Teknolojinin hızla geliştiği günümüzde, Erzincan’daki öğrencilerinden beyaz yakalı çalışanlarına kadar herkesin elinin altındaki yapay zeka araçları hakkında korkutan bir gerçek gün yüzüne çıktı. Yapay zeka kullanımı verimliliği artırıyor gibi görünse de, aslında beynimizin "düşünme" düğmesini kapatıyor olabilir.

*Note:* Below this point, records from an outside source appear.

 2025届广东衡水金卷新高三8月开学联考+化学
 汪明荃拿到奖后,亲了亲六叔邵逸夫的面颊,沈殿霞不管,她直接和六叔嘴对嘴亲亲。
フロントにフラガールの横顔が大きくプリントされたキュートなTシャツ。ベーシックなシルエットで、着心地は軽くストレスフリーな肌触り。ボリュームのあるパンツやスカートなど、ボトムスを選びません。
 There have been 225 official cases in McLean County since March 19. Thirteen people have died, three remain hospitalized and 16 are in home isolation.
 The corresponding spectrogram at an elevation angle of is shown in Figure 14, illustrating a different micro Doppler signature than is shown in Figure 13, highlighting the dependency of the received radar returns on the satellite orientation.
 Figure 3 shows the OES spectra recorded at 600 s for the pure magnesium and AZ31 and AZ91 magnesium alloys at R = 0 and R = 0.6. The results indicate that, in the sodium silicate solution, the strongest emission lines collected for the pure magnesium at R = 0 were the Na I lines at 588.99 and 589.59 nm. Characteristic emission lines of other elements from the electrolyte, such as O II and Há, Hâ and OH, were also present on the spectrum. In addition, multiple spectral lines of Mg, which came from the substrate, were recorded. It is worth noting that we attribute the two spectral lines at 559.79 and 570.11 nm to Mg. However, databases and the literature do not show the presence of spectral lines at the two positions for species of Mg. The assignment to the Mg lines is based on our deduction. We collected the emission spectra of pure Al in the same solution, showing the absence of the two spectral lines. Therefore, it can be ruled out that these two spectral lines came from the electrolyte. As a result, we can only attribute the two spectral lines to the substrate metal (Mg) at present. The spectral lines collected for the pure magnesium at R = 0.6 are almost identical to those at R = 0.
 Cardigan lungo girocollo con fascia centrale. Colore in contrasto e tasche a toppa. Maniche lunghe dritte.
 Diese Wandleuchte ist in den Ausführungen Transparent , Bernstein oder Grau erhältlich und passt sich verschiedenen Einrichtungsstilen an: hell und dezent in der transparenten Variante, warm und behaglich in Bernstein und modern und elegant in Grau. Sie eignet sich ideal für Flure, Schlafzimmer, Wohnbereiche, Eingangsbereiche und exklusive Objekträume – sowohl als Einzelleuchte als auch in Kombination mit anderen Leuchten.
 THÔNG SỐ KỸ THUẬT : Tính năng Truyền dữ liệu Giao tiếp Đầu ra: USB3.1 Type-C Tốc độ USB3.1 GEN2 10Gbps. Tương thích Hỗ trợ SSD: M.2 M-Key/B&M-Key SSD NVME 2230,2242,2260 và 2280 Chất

Beyin Aktiviteleri Alarm Veriyor
Dünyanın önde gelen üniversitelerinde yapılan son araştırmalar, yapay zeka desteğiyle metin üreten veya problem çözen kişilerin beyin dalgalarını inceledi. EEG yöntemiyle yapılan ölçümlerde, yapay zeka kullanan katılımcıların bilişsel süreçlerle ilişkili beyin ağlarında belirgin bir aktivite düşüşü gözlemlendi.

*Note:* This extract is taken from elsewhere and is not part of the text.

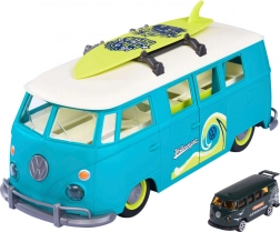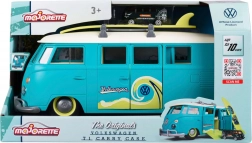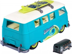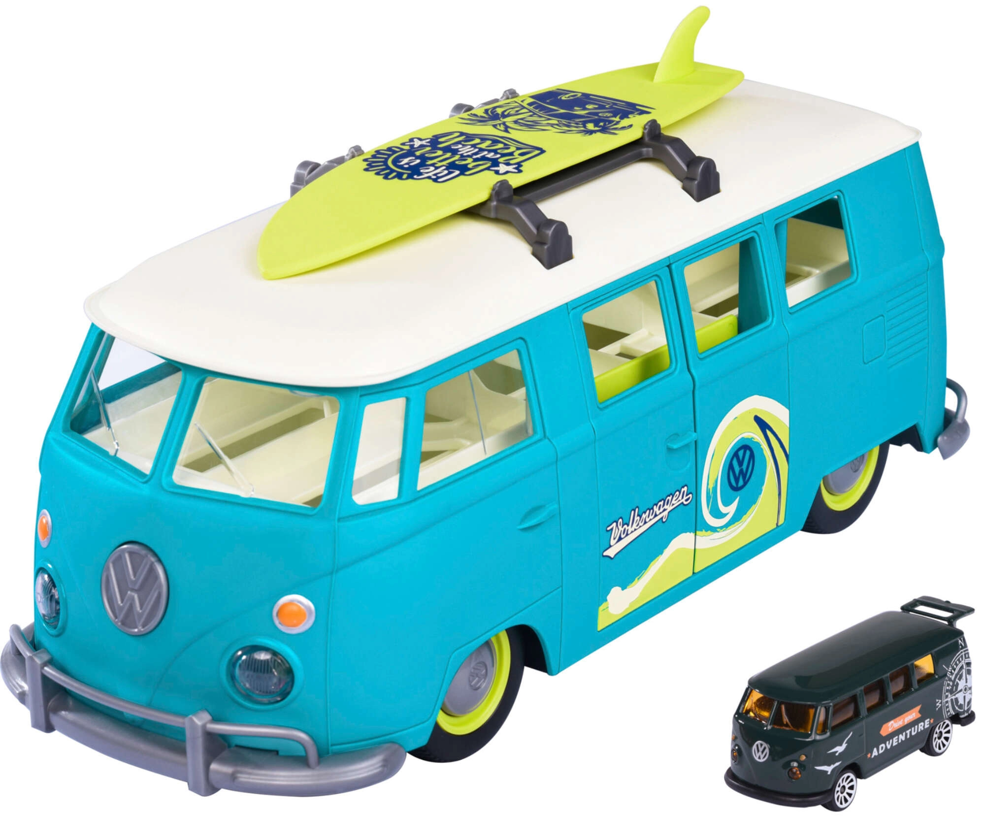 Le grand Volkswagen T1 interactif de la marque MAJORETTE séduit par sa fabrication précise et les détails authentiques du légendaire camper. Le porte-charges en forme de fourgon, dans une finition bleu-vert avec des éléments crème, s’ouvre en une mallette de jeu pratique avec des places de stationnement pour la voiture incluse. Le bouton avant en forme de logo VW active des lumières vives.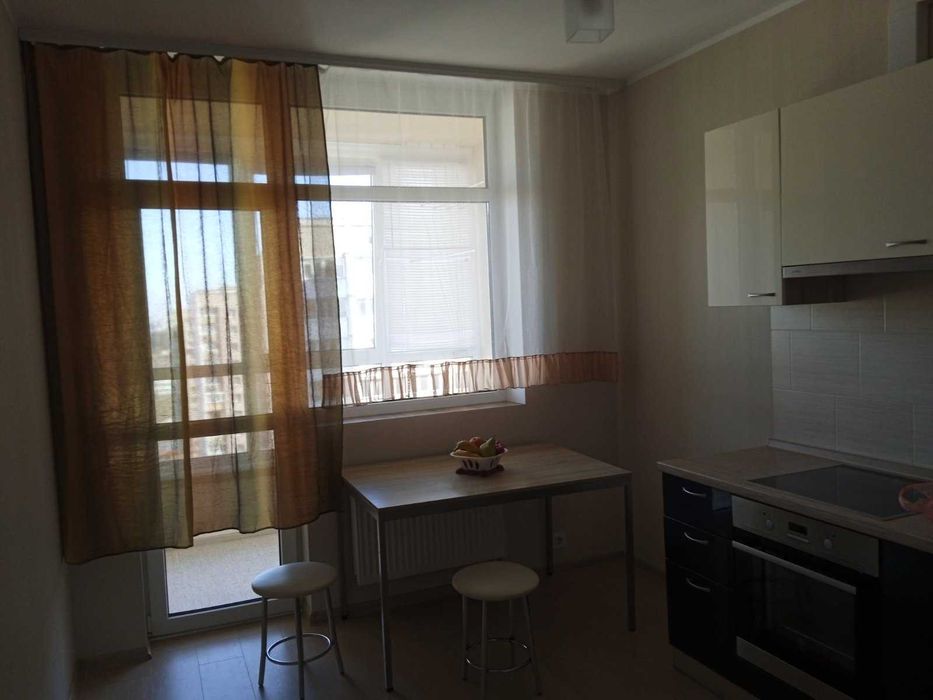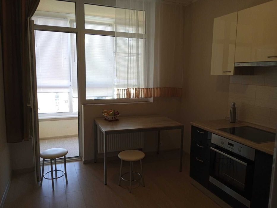 Просторная укомплектованная мебелью и техникой кухня переходит в застекленную лоджию с прекрасным видом.

Daha da çarpıcı olanı, bu kişilerin yapay zekaya yazdırdıkları metinlerden alıntı yaparken veya içeriği hatırlarken, kendi başına çalışan kişilere göre çok daha fazla zorlanması oldu. Yani yapay zeka ürünü ortaya çıkarıyor ama beyin bu bilgiyi "öğrenilmiş" olarak kaydetmiyor.

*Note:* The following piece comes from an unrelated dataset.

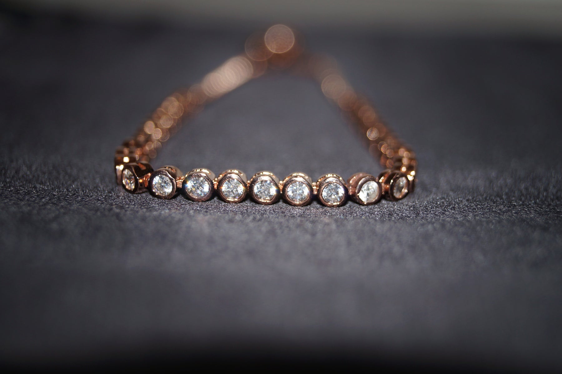 Aurora Rosé – Justerbart Armband i 925 Silver med Roséguldplätering och Klara Stenar – 10g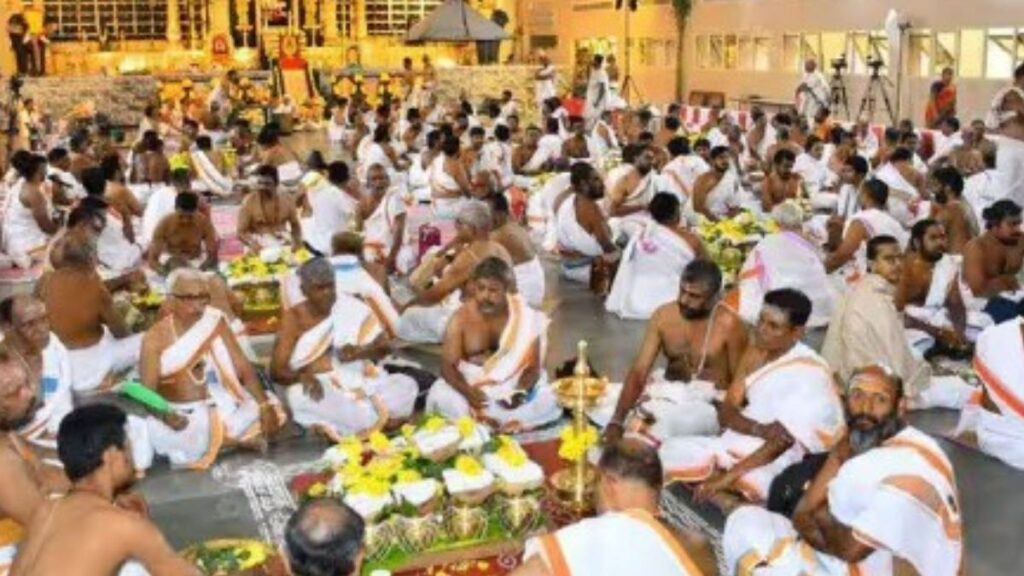 கோவை ராம் நகர் சத்தியமூர்த்தி சாலையில் அமைந்துள்ள புகழ்பெற்ற ஸ்ரீ அய்யப்பன் பூஜா சங்கத்தின் 75-வது ஆண்டு ‘பூஜா மஹோத்ஸவ’ விழா, பவள விழாவாகத் தற்பொழுது வெகு விமரிசையாக நடைபெற்று வருகிறது. கடந்த டிசம்பர் 24-ஆம் தேதி தொடங்கி நடைபெற்று வரும் இந்த ஆன்மீகப் பெருவிழாவில், நாள்தோறும் பல்வேறு வேத விற்பன்னர்கள் பங்கேற்கும் ஹோமங்களும், இசை மேதைகளின் கலை நிகழ்ச்சிகளும் அரங்கேறி வருகின்றன. விழாவின் முக்கிய நிகழ்வாக நேற்று அதிகாலை 6:00 மணிக்கு ஊர் நன்மை வேண்டி ‘கிராம பிரதக்ஷணம்’ மற்றும் ‘மஹா சங்கல்பம்’ ஆகியவை நடைபெற்றன. அதனைத் தொடர்ந்து, மங்களகரமான ‘மஹன்யாச ருத்ர ஜெபமும்’, காலை 10:00 மணிக்குச் சக்திவாய்ந்த ‘ஸ்ரீ ருத்ர ஹோமமும்’ பக்தி சிரத்தையுடன் நடத்தப்பட்டன. மதியம் 12:30 மணிக்கு ‘மஹா பூர்ணாஹூதி’ மற்றும் தீபாராதனை நடைபெற்றதைத் தொடர்ந்து, ஆயிரக்கணக்கான பக்தர்களுக்கு அன்னதானம் வழங்கப்பட்டது.

"Bilişsel Atrofi" Riski Kapıda
Uzmanlar, bu durumu "bilişsel atrofi" yani zihinsel körelme olarak adlandırıyor. Tıpkı kullanılmayan bir kasın zamanla zayıflaması gibi, eleştirel düşünme ve problem çözme yetilerimiz de yapay zekaya devredildikçe köreliyor.
-
Güven arttıkça çaba azalıyor: Yapay zeka aracına duyulan güven arttıkça, bireyin sonuçları kontrol etme ve üzerinde düşünme isteği azalıyor.
-
Öğrenciler tehlikede: Okul çağındaki çocukların büyük bir kısmı, yapay zekanın ödevlerini kolaylaştırdığını ancak kendi becerilerini körelttiğini itiraf ediyor.
-
Yanılma payı: Araştırmalar, yapay zekanın bazı meslek gruplarında performansı artırırken, bazı durumlarda yanlış yönlendirmelerle hata payını yükselttiğini ortaya koyuyor.
Ürün Harika, Öğrenme Sıfır
Haberin en can alıcı noktası ise şu: Yapay zeka yardımıyla ortaya çıkan bir ödev veya rapor, dışarıdan bakıldığında "mükemmel" görünebilir ve çok yüksek notlar alabilir. Ancak uzmanlar uyarıyor; ortaya çıkan ürünün kalitesi artsa da, onu hazırlayan kişinin öğrenme düzeyi aynı oranda düşüyor.
Yapay zekayı bir "cevap makinesi" olarak değil, konuyu anlamaya yardımcı olan bir "özel öğretmen" gibi kullanmak, bu zihinsel tembellik tuzağından kurtulmanın tek yolu olarak gösteriliyor.